To your point about unions, ELV doesn’t wish to engage or enrage any side of that debate but he will say this: Invariably, the restaurant managers and owners in unionized hotels complain about the unions, and the ones in non-union hotels complain equally about how all the good employees are across the street in a union shop. We’ve never been able to discern a difference in service levels (in places where we are not known), so we keep our yap shut about that kerfuffle.

And finally, we generally agree with your list of good and not-so-good places above, with one exception: we think you’re being unduly harsh on Comme Ça, but maybe that’s because we’re secretly in love with Kallie.

Sincerely,

ELV

7 thoughts on “Letter of the Week – Pete Peeved by Pallid Pomposity (and unions)
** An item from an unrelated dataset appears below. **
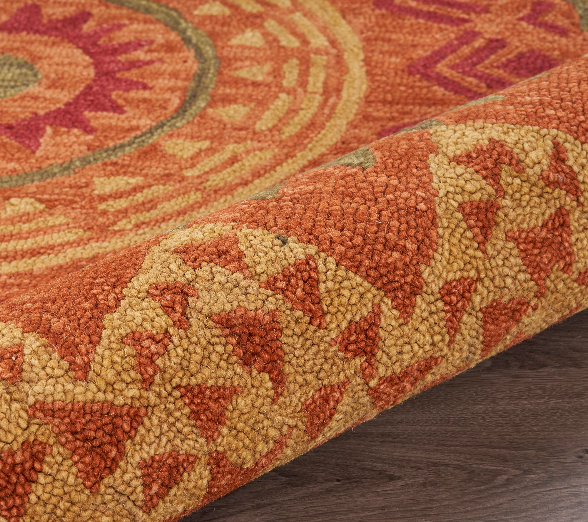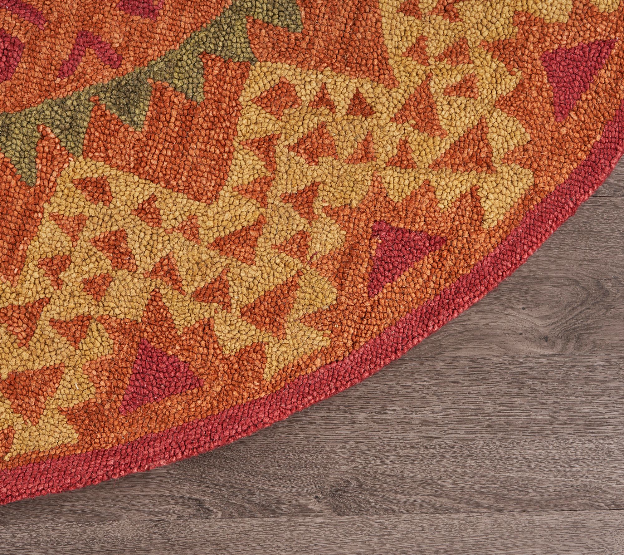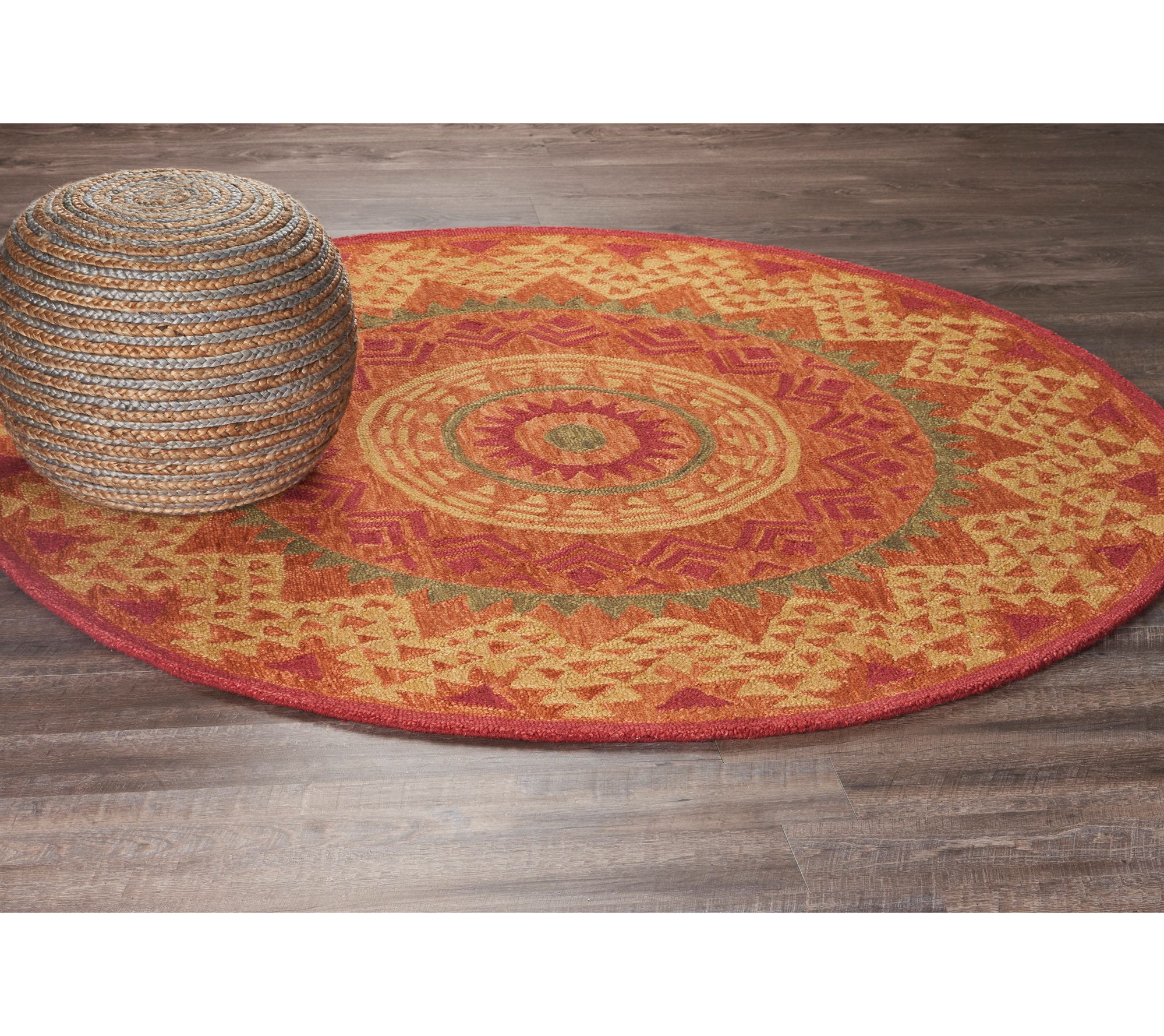 Ox Bay Orange Geometric Medallion Wool Indoor 4' Round Rug

  1. Unions do add more than a dime to the cost of the meal. The majority of the cost of the meal is to pay for the employees and the location (rent/lease/whatever), both of which are influenced by unions.

    No way around that.

  2. Ah, the culinary union, where bad employees can’t be fired, and good employees will always be paid the same as the bad ones. Restaurant employees in Las Vegas are spoiled. Most wouldn’t make it in the “Real world” aka any other city.

  3. You know, this guy is full of it but be happy, because JC gave you your 15 minutes of fame. that is what you wanted, right?

    so your leaving Vegas, and you decide to shit on it on your way out. Typical, and your going to find greener grass on the other side right? Well consider the dumb down palates of tourist, those 40+ million that flock to Vegas surround las vegas in other cities. Cities that also contain over priced non-union food, hack cooks, dirty restaurants, bad service, shitty fucking food and all the shit your bitching about in Las Vegas.

    You know, I worked in other foodie cities and I have to say Vegas had its day of leading the industry back in the 03-06 time when every fucking chef wanted to open a restaurant. and if you went to cities like Portland you would see a mimic of what was happening in Vegas, then shit started to change and once again Vegas will rediscover itself as power transfers and so on… its less about the dining scene and more about the dynamics of Vegas.

    The strip is what it is and I think its fair to say every restaurant does at least one thing good, and knowing that is about being more of a good “foodie” than a bitch like yourself.

    That being said, I think its so fucking gay for people that exit Vegas to flip the bird so hard on the golden spoon that has been feeding your vices, giving you experience and allowing you to shove money under your mattress, thats if you didnt blow it all on tranny hookers. Yeah, I bet you didnt bitch when it was family dinner at your restaurant to feed your ugly face, assuming you worked in the industry. and if you dont work in the industry you really dont know shit.

    So back to being a foodie, if you would quit bitching and start exploring a deeper meaning of food and I think JC has done that over the past year, with his attention toward local flavorful eats, the exploitation of China town and various BBQ, lunch truck and other shit. Big flavor for cheap is what a foodie is all about, and if you cant find it, learn to fucking cook!!!!

    Eating at the French Laundry, go shove it Paleeze. Vegas is practical, no reason to blow your wad on expensive shit like that or even live in CA where your raped by the republic. Just go to Andres and have just as good food if not better; why? because there is fucking passion there.

    So leave this fucking place where nothing is orginal. what I would like to know, what is orginal and where the fuck else you going to find a 24 hour bar in your neighborhood? thats pretty original. and who gives a shit if people are materialistic. Some like fake tit bitches, others like maseratis, some like hemp clothing, some like crack. Materialism expands on all levels of society and culture, so once again go back to where you came from and live in your non materialistic, original and always good food thats never unjust over priced food.

    fin-

  4. tranny hookers?
    fake tit bitches?
    materialistic people?
    crack?

    sounds like you got “this humble burg” all figured out. You should speak to ELV about writing a guest column.